Paul Barnett says he and some of the other folks at Oakmont Residential were “tired of loafing.”

So, they asked residential supervisor Virginia Babb to get them some gardening supplies.

“We jumped in the Oakmont van and went to the Oil Mill and bought some plants,” said Mrs. Babb. “I thought they would work me to death. But they did it all.”

Mrs. Babb is accustomed to working with the residents on projects. She brought her sewing machine from home to help a group of ladies who quilt.

“If figured if I could sew with the ladies, I could garden with the men,” she said with a laugh. “One group taught me how to be warm; the other is going to teach me how to keep from being hungry.”

The group that day went to Union Oil Mill with the intention of buying four tomato plants, two pepper plants and two cucumber plants.
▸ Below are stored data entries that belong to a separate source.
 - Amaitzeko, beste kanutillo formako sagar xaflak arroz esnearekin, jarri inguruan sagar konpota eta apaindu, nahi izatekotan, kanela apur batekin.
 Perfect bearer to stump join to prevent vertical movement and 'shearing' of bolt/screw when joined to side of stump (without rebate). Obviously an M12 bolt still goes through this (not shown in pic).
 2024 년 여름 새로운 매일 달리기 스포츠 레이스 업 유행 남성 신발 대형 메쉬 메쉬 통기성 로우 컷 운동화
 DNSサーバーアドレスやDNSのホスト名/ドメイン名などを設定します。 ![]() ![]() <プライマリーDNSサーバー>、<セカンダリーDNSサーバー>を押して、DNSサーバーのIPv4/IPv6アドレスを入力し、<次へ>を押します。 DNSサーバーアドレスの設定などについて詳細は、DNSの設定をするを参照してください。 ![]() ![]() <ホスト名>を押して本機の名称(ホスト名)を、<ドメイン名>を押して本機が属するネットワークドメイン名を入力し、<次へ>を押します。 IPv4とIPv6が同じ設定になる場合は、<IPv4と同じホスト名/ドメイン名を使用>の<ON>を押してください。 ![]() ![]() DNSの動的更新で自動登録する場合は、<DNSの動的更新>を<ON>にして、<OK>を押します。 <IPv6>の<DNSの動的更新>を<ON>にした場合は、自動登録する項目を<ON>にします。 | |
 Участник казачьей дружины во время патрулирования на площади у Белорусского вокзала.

They came back with much more, including 14 tomato plants and have added to the garden since then.

“I think we could take care of the facility,” Mrs. Babb said. “We may start up a produce stand. The ladies sit and watch the men work. It doesn't get any better than that.”
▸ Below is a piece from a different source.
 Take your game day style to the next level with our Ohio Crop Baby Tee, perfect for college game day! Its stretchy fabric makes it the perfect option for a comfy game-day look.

Richie Brown, the grandson of resident Bessie Erwin, plowed the soil for the garden. The men who have worked in it with Barnett are H.J. West, Carl Queen, Doug Smith and Roy Quinn.

Sitting around the garden, there are some good-natured jabs between these fellows.

“Carl claims to be the manager, but Virginia is,” said Barnett, 85. “Doug Smith is going to get fired. He laid out a couple of days.” (Smith, 91, had gone somewhere with his son.)

Though the garden is watered every day, nothing is growing but the plants - there isn't a weed in it because of diligent hoeing.

“We told the weeds not to grow in it,” joked West, 87.

“You've got to talk to it,” Barnett said.

Queen, 74, points toward Quinn.

“It won't grow if you watch it,” he said. “That fellow has been watching it.”

But Quinn is optimistic.

“We are going to have ripe tomatoes by the Fourth of July,” he said. He will turn 87 on July 5.

Mrs. Babb said some of the residents jokingly suggested they wanted to plant watermelons on the side of the road near the facility. She advised against this.

“You would have a lot of fun watching people steal them,” Barnett said with laugh.